Beyond this, there doesn't appear to be a specification that would prevent a malevolent actor from writing their own interest groups into the browser under a legitimate origin's name. This could result in eviction of legitimate data, or result in nonsense requests during the interest group request.

michaelkleber commented 4 years ago

All browsers have to manage resources — for example, every time an HTTP response comes with a Cache-Control header, it's asking the browser to store it for some amount of time — and the details of how to handle resource constraints are up to the browser's discretion.

In the TURTLEDOVE case, browsers could track how old things are and how often they've actually won an auction, so could make informed decisions about what to evict if space constraints forced them to do so. And web bundles could always be deleted and then re-downloaded later, if the browser chose.

Beyond this, there doesn't appear to be a specification that would prevent a malevolent actor from writing their own interest groups into the browser under a legitimate origin's name.

The joinAdInterestGroup API must be called from a window (top-level or iframe) whose origin matches the group's owner.

ablanchard1138 commented 4 years ago

Hello,

We also believe that the browser having to handle a large number of ad bundles could lead to degraded web experience for users (large consumption of data and usage of memory to load all the logic, but also pictures, videos, etc). That's one of the reason for the existence of SPARROW's gatekeeper, hosting the auction outside of the browser, and only sending the creatives to be displayed (and not all that could be displayed eventually).

However, solving this issue by reducing the number of interest groups is going to strongly impact the performance of advertising. If this is to happen, then indeed it needs to be stated.

@michaelkleber, could you elaborate on how this mechanism of filtering based on winning rate / size would work?

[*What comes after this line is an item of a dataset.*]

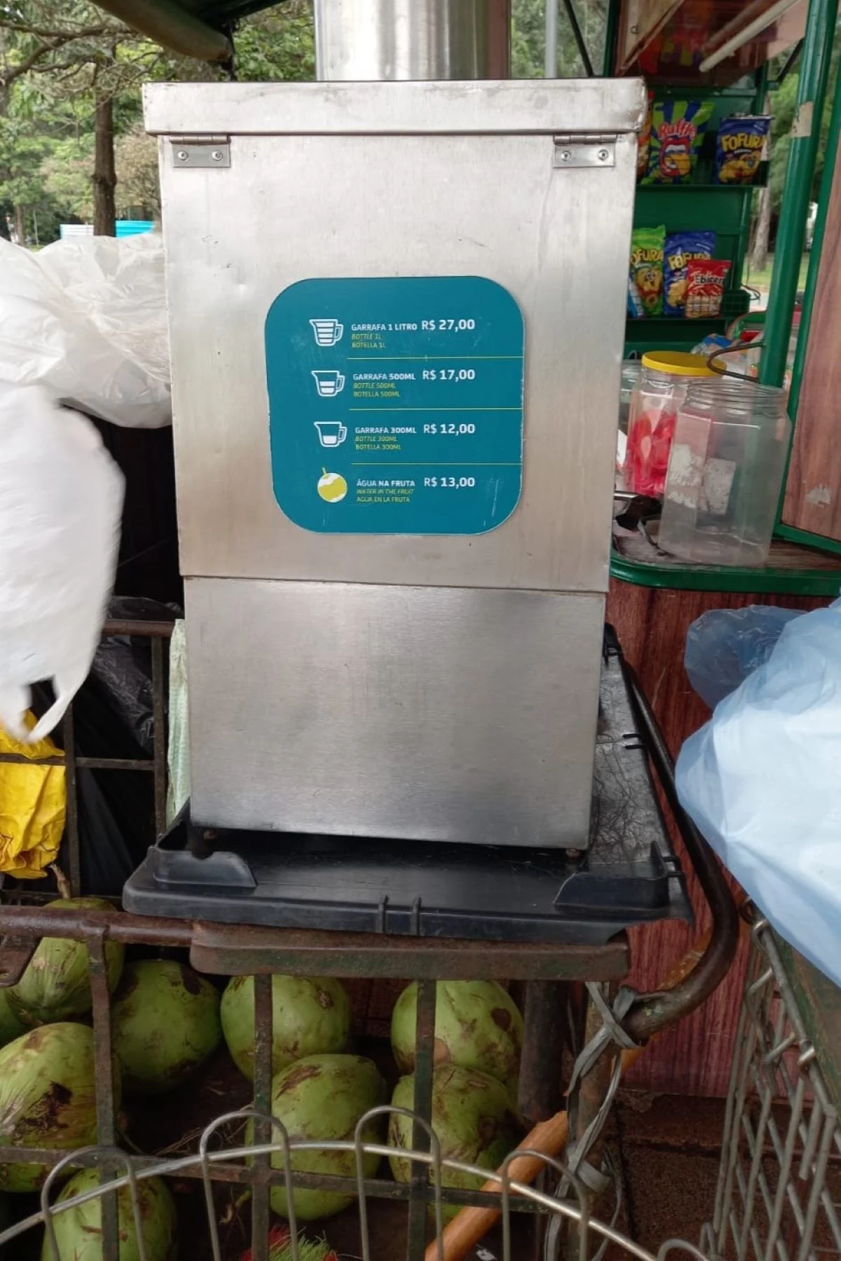 Imagem mostra carrinho de água de coco no Parque Ibirapuera, em São Paulo

Does it require some server-side actions to happen? Since the average winning rate can be quite low for many campaigns on many users, doing it fully in a browser is probably not realistic to achieve a good enough user-level filtering performance.

Also, how advertisers would be notified that a particular bundle has been dropped? This is an important information that should influence marketing strategies.

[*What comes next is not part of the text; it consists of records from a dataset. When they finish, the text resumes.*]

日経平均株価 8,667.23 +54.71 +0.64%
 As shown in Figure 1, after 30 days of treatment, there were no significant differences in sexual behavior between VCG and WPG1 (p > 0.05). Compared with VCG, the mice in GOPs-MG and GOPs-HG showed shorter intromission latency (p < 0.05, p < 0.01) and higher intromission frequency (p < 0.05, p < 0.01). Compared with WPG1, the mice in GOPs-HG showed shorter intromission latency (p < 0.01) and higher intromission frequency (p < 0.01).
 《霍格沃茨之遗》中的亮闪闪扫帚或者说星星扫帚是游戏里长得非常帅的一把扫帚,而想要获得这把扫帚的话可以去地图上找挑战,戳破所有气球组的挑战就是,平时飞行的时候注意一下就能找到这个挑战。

michaelkleber commented 4 years ago

The web bundle to render each ad is just something downloaded from a URL. So even if the browser needs to conserve space and deletes some stored web bundles to do so, it could always download the bundle resource again, at render time. (It would be a privacy problem if the browser usually made a network request at ad render time, but doing so occasionally seems fine.)

There's no reason that I can see to evict the in-browser bidding JS functions, so all ads should get to participate in the auction. And there would be no server-side action or notice of re-download.

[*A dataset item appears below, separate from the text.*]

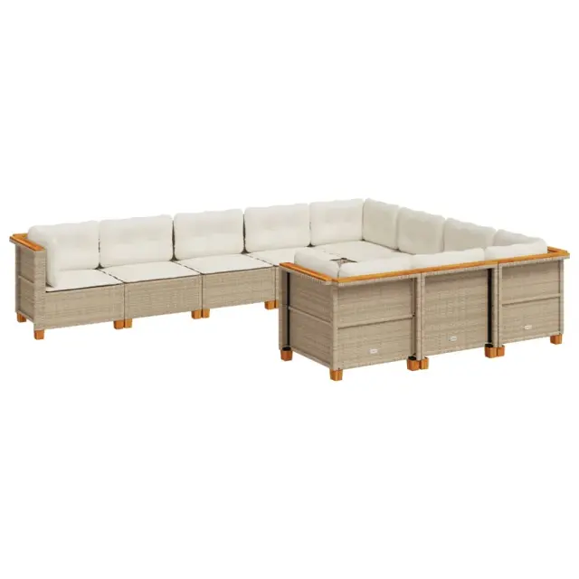 Ta vrtna sedežna garnitura je popoln dodatek za vaše dvorišče, teraso ali verando, saj zagotavlja udoben in vabljiv prostor za klepet z družino in prijatelji ali preprosto za sprostitev in uživanje na prostem. Vzdržljiv material: PE ratan, znan tudi kot poli ratan, je močan sintetični material, ki zahteva malo vzdrževanja in je videti kot naravni ratan. Je lahek, enostaven za čiščenje in se zaradi svoje vzdržljivosti in odpornosti na vremenske vplive pogosto uporablja za zunanje pohištvo.Udobno sedenje: To zunanje pohištvo z debelo oblazinjenimi blazinami zagotavlja udobno sedenje.Prevleko je mogoče odstraniti in oprati: Te sedežne blazine imajo odstranljive prevleke za lažje pranje in vzdrževanje.Modularna zasnova: Ta komplet zunanjega pohištva ima modularno zasnovo, zaradi česar je popolnoma prilagodljiv in enostaven za premikanje, tako da lahko zunanjo garnituro postavite kakor koli želite. Dobro je vedeti:Če želite, da vaše zunanje pohištvo ostane lepo, vam priporočamo, da ga zaščitite z vodoodporno prevleko.Maksimalna nosilnost (na sedež): 110 kgUV-odpornoLesene nogePotrebno sestavljanje: DaKotni sedež:Barva: BežMaterial: PE ratan, jeklo s prašnim premazom, trden akacijev les z naravnim oljnim premazomDimenzije: 63,5 x 63,5 x 62 cm (Š x G x V)Velikost sedeža: 56 x 56 cm (Š x G)Višina sedeža, merjena od tal (brez blazine): 32 cmSrednji sedež:Barva: BežMaterial: PE ratan, jeklo s prašnim premazom, trden akacijev les z naravnim oljnim premazomDimenzije: 63,5 x 63,5 x 62 cm (Š x G x V)Velikost sedišča: 63 x 56 cm (Š x G)Višina sedeža, merjena od tal (brez blazine): 32 cmBlazina:Barva: Kremno belaMaterial prevleke: Tkanina (100 % poliester)Polnilo sedežne blazine: PenaPolnilo hrbtne blazine: bombažna vlaknaDimenzije sedežne blazine (kotna): 56,5 x 56,5 x 3 cm (Š x G x D)Dimenzije sedežne blazine (sredinska): 63,5 x 56,5 x 3 cm (Š x G x D)Dimenzije hrbtne blazine (kotna): 52 x 35 x 10 cm (D × Š × D)Dimenzije hrbtne blazine (sredinska): 63 x 35 x 10 cm (D x Š x D)Paket vsebuje:4 x Kotni sedež6 x Srednji sedež14 x Blazina za hrbet10 x Sedežna blazina s snemljivo in pralno prevleko 3262033

ablanchard1138 commented 4 years ago

Thanks for the clarification and sorry for my delayed answer. If I understand correctly:

Is this correct?

If so, it raises a few concerns of privacy vs performance, that will directly stems out of the delay do you expect between a dropping of the creative assets and their subsequent reloading.

Either you let several auctions pass to notice that a trashed bundle should have won, and then reload it for future potential impression opportunities. The inconvenient is that you actually let deliberately win a bundle that was not supposed to win, resulting in unfair auction (which could bias advertiser strategies) and lower publisher spend. Or, you reload the bundle very frequently, somehow pretty accurately to avoid losing to many opportunities, but then you have a bundle URL call timestamp that is very close to the impression itself, and then you miss out on the TURTLEDOVE promise of asynchronicity.

In any case, this seems like an important part of the whole TURTLEDOVE pipeline, and I think it would be of value to mention it in the main proposal. A more detailed explanation would be extremely useful to better understand the consequences of it.

JensenPaul commented 1 year ago

Closing this issue as it represents past design discussion that predates more recent proposals. I believe some of this feedback was incorporated into the Protected Audience (formerly known as FLEDGE) proposal. If you feel further discussion is needed, please feel free to reopen this issue or file a new issue.